§ **ACTIVITY**:
The stretch wanted below opens at the line containing "Permeable fencing. Fencing" and closes at the line containing "Gorgeous Pink snowflake". Please return it exactly, with no other lines.
(SUPPLIED RECORDS begins)
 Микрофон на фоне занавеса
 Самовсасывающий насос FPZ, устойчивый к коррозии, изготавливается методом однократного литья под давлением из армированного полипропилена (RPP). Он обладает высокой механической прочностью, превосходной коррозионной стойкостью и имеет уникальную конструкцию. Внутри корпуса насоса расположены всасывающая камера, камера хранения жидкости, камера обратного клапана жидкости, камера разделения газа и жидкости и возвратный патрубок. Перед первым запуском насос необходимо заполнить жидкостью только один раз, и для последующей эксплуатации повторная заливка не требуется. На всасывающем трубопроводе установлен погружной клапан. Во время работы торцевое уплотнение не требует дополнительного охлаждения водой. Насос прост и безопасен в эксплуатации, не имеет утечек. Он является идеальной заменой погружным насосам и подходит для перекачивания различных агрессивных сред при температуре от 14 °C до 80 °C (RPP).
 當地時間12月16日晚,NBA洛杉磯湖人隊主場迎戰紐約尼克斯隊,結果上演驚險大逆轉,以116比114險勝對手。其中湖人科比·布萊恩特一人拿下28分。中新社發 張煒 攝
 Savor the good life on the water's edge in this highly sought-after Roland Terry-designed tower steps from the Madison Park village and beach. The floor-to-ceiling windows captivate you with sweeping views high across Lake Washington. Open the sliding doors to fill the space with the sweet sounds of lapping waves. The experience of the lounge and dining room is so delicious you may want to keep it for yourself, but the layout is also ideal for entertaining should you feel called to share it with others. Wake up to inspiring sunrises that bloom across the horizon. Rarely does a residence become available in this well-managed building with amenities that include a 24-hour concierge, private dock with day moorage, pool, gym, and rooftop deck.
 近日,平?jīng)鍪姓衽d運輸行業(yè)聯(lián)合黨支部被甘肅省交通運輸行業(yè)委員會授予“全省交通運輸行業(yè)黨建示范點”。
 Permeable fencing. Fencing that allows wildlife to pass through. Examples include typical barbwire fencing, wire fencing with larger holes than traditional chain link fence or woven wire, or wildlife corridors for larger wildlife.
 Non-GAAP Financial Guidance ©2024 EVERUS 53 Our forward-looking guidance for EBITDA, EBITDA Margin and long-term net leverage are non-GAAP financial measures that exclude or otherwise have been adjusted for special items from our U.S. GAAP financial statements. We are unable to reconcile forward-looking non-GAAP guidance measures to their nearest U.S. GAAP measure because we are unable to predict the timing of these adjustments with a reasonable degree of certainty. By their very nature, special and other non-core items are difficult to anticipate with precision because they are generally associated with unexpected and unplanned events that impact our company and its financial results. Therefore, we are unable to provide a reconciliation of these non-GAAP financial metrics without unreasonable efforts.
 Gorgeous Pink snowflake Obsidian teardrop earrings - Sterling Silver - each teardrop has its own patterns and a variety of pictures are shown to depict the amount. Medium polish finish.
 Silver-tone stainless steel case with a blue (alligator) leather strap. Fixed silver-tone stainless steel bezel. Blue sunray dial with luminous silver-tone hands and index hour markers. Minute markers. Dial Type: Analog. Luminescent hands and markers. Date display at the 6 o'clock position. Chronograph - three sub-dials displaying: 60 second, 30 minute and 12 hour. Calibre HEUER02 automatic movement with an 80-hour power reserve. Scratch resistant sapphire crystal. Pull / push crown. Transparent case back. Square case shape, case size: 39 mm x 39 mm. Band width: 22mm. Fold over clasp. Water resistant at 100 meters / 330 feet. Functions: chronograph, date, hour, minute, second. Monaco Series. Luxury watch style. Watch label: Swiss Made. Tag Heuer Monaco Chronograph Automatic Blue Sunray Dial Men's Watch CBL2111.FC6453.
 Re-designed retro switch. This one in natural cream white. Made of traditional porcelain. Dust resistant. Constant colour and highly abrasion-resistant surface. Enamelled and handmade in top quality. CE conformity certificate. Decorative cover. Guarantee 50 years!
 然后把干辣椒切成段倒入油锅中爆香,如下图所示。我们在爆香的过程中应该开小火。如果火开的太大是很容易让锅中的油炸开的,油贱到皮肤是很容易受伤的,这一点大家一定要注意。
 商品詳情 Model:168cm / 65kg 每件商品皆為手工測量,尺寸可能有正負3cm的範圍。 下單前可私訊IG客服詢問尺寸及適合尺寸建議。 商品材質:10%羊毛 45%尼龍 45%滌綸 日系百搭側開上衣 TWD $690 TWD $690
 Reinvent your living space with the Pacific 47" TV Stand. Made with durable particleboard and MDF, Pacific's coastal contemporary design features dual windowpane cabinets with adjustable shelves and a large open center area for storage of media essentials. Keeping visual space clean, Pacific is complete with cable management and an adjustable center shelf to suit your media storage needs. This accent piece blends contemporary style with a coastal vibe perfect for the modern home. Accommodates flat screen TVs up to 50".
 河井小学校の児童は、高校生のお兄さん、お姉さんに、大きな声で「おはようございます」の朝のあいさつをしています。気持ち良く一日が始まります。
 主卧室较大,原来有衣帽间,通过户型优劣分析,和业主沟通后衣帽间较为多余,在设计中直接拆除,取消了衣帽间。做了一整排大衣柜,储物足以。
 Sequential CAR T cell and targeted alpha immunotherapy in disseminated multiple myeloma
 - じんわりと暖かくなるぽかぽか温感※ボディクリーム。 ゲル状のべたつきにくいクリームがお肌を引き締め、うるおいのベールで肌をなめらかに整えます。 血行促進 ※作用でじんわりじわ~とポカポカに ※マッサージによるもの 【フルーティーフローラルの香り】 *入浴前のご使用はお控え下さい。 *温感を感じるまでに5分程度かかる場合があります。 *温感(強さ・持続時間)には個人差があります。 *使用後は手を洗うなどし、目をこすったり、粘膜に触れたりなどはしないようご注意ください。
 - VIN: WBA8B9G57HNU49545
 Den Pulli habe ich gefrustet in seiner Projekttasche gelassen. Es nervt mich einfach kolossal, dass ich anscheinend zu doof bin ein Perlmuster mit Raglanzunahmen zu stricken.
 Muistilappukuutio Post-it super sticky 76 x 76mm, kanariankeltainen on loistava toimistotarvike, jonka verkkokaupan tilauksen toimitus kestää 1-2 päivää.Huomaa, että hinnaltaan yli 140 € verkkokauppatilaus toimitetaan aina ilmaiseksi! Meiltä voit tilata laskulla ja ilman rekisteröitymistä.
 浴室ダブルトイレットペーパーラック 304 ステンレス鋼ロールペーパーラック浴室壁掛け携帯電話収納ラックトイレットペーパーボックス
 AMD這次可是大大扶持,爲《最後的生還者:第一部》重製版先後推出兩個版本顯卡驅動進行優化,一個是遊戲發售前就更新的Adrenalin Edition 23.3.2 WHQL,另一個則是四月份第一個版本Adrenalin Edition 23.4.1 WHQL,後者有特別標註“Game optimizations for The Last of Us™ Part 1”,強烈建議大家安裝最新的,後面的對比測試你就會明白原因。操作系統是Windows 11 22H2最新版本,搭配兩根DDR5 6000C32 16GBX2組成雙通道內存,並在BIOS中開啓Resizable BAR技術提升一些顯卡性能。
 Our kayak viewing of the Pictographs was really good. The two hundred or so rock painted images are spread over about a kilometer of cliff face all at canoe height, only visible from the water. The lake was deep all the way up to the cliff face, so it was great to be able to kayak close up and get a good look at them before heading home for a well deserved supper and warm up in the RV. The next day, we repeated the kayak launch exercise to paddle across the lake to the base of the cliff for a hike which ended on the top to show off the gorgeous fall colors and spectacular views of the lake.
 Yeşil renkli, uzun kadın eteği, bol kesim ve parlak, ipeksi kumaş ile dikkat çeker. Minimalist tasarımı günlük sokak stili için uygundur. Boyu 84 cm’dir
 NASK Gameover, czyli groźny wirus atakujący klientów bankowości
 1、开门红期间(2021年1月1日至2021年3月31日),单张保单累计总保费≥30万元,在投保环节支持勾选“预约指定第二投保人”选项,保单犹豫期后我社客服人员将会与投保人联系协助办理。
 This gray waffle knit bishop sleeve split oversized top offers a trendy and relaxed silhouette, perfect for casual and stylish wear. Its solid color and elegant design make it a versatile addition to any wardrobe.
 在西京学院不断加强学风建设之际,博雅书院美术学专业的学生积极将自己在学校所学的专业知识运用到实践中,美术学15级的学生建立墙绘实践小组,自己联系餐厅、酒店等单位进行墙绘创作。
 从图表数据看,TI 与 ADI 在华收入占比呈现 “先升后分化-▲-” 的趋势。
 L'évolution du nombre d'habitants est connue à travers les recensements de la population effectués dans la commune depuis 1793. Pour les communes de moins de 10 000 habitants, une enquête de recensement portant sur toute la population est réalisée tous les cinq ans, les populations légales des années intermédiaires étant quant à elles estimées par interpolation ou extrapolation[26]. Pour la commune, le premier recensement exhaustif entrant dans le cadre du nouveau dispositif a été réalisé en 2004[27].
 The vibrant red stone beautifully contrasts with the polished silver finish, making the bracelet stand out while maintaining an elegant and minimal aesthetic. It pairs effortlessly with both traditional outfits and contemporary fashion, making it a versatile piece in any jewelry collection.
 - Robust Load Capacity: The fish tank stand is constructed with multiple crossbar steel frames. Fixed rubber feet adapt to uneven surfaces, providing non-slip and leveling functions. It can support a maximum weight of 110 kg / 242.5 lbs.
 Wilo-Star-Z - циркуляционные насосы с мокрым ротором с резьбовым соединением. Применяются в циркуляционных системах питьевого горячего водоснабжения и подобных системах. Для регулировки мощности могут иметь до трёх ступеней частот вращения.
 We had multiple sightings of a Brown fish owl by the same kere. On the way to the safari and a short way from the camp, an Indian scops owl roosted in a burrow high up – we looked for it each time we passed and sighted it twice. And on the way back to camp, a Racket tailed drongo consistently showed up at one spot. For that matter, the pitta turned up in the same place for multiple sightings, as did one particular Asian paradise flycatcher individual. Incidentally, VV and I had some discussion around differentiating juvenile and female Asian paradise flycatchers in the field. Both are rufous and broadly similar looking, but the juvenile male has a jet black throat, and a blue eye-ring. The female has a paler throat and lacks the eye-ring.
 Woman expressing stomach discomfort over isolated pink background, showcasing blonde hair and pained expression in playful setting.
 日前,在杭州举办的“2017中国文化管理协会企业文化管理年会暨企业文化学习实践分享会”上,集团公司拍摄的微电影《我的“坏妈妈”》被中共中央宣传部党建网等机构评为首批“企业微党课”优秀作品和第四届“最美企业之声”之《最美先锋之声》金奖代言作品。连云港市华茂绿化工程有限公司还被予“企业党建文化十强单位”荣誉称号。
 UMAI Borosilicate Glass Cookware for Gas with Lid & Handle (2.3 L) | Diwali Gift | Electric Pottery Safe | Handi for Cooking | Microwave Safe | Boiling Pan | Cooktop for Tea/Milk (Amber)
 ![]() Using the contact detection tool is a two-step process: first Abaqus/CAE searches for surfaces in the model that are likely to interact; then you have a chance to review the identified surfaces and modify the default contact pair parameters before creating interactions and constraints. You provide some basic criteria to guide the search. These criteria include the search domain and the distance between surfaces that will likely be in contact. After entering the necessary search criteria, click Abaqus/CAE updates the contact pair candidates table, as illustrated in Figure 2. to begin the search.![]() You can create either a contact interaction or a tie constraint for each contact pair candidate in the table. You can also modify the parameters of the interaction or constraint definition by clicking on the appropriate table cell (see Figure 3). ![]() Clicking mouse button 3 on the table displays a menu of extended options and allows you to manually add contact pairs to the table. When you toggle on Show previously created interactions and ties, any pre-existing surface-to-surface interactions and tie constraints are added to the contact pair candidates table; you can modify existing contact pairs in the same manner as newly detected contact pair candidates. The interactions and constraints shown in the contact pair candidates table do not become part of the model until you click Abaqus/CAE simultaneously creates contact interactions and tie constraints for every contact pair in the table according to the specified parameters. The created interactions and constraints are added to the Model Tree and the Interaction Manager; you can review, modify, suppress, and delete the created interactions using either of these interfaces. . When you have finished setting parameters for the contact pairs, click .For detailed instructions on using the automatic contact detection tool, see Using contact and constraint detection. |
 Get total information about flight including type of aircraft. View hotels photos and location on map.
(SUPPLIED RECORDS ends)
§ **SOLUTION TO THIS EXERCISE**:
 Permeable fencing. Fencing that allows wildlife to pass through. Examples include typical barbwire fencing, wire fencing with larger holes than traditional chain link fence or woven wire, or wildlife corridors for larger wildlife.
 Non-GAAP Financial Guidance ©2024 EVERUS 53 Our forward-looking guidance for EBITDA, EBITDA Margin and long-term net leverage are non-GAAP financial measures that exclude or otherwise have been adjusted for special items from our U.S. GAAP financial statements. We are unable to reconcile forward-looking non-GAAP guidance measures to their nearest U.S. GAAP measure because we are unable to predict the timing of these adjustments with a reasonable degree of certainty. By their very nature, special and other non-core items are difficult to anticipate with precision because they are generally associated with unexpected and unplanned events that impact our company and its financial results. Therefore, we are unable to provide a reconciliation of these non-GAAP financial metrics without unreasonable efforts.
 Gorgeous Pink snowflake Obsidian teardrop earrings - Sterling Silver - each teardrop has its own patterns and a variety of pictures are shown to depict the amount. Medium polish finish.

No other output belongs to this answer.